Problem statement - Would you reproduce exactly, and only, the lines starting at the one with "由国家税务总局贵州省税务局指" and ending at the last line of the data, with both included? Leave the pictures out.

Data excerpt -
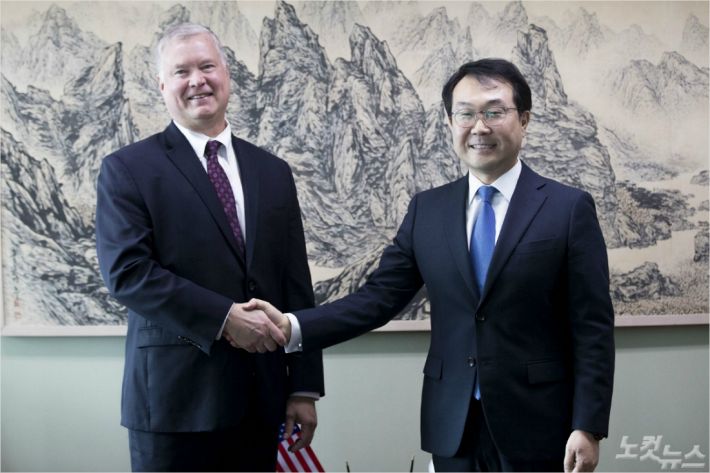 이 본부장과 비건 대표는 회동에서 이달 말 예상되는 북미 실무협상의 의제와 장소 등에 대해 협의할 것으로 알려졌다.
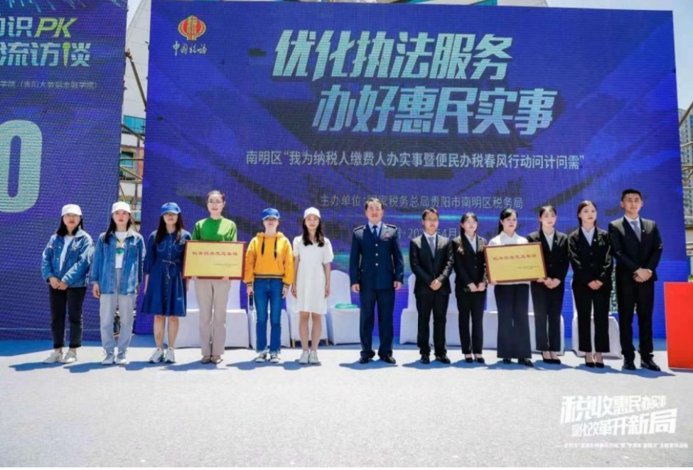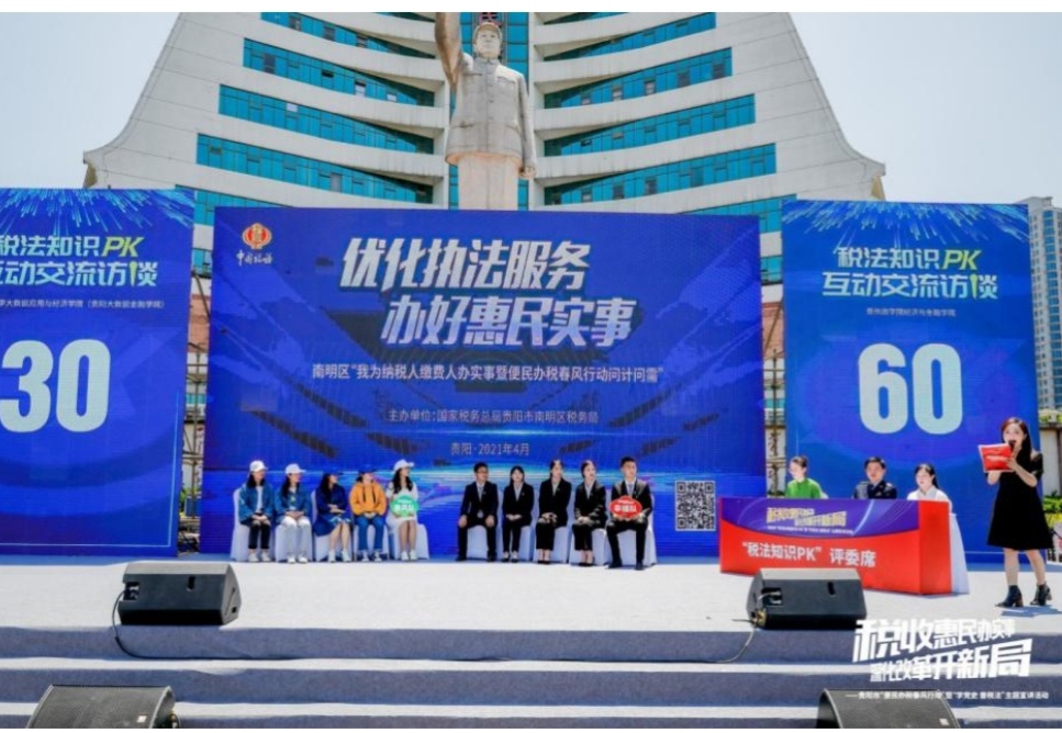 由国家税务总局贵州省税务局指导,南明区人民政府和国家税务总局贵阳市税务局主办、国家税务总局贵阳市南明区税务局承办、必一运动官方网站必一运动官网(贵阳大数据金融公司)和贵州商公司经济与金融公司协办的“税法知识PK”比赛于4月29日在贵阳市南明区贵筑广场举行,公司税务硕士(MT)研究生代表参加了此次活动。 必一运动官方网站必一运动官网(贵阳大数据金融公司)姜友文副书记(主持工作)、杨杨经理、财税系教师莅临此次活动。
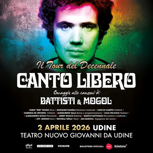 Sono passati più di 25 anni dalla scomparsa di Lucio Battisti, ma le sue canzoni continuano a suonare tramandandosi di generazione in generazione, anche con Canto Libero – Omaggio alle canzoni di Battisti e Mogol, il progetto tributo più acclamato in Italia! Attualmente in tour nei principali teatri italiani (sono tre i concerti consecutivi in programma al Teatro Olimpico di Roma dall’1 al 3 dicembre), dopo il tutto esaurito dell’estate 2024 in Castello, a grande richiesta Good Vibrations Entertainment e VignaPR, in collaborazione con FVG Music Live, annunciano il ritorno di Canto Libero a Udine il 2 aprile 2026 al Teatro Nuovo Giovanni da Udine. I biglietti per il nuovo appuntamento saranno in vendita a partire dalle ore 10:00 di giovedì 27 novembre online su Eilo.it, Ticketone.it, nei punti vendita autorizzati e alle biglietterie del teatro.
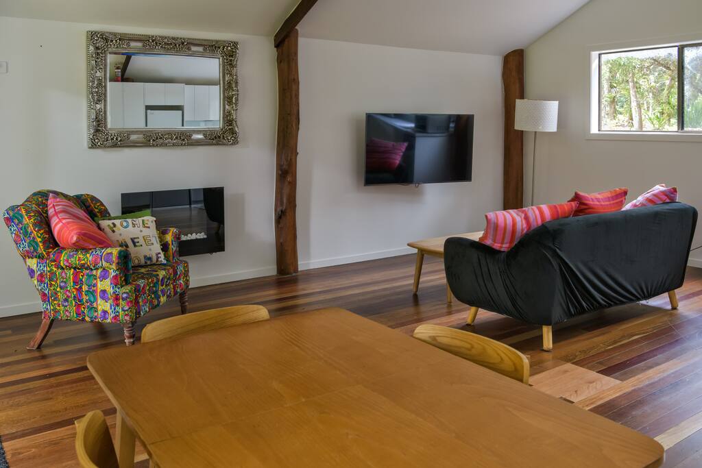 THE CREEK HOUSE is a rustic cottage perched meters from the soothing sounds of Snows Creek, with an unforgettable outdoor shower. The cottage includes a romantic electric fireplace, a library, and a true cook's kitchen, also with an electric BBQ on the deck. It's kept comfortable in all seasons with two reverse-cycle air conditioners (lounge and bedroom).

Solution to this exercise -
 由国家税务总局贵州省税务局指导,南明区人民政府和国家税务总局贵阳市税务局主办、国家税务总局贵阳市南明区税务局承办、必一运动官方网站必一运动官网(贵阳大数据金融公司)和贵州商公司经济与金融公司协办的“税法知识PK”比赛于4月29日在贵阳市南明区贵筑广场举行,公司税务硕士(MT)研究生代表参加了此次活动。 必一运动官方网站必一运动官网(贵阳大数据金融公司)姜友文副书记(主持工作)、杨杨经理、财税系教师莅临此次活动。
 Sono passati più di 25 anni dalla scomparsa di Lucio Battisti, ma le sue canzoni continuano a suonare tramandandosi di generazione in generazione, anche con Canto Libero – Omaggio alle canzoni di Battisti e Mogol, il progetto tributo più acclamato in Italia! Attualmente in tour nei principali teatri italiani (sono tre i concerti consecutivi in programma al Teatro Olimpico di Roma dall’1 al 3 dicembre), dopo il tutto esaurito dell’estate 2024 in Castello, a grande richiesta Good Vibrations Entertainment e VignaPR, in collaborazione con FVG Music Live, annunciano il ritorno di Canto Libero a Udine il 2 aprile 2026 al Teatro Nuovo Giovanni da Udine. I biglietti per il nuovo appuntamento saranno in vendita a partire dalle ore 10:00 di giovedì 27 novembre online su Eilo.it, Ticketone.it, nei punti vendita autorizzati e alle biglietterie del teatro.
 THE CREEK HOUSE is a rustic cottage perched meters from the soothing sounds of Snows Creek, with an unforgettable outdoor shower. The cottage includes a romantic electric fireplace, a library, and a true cook's kitchen, also with an electric BBQ on the deck. It's kept comfortable in all seasons with two reverse-cycle air conditioners (lounge and bedroom).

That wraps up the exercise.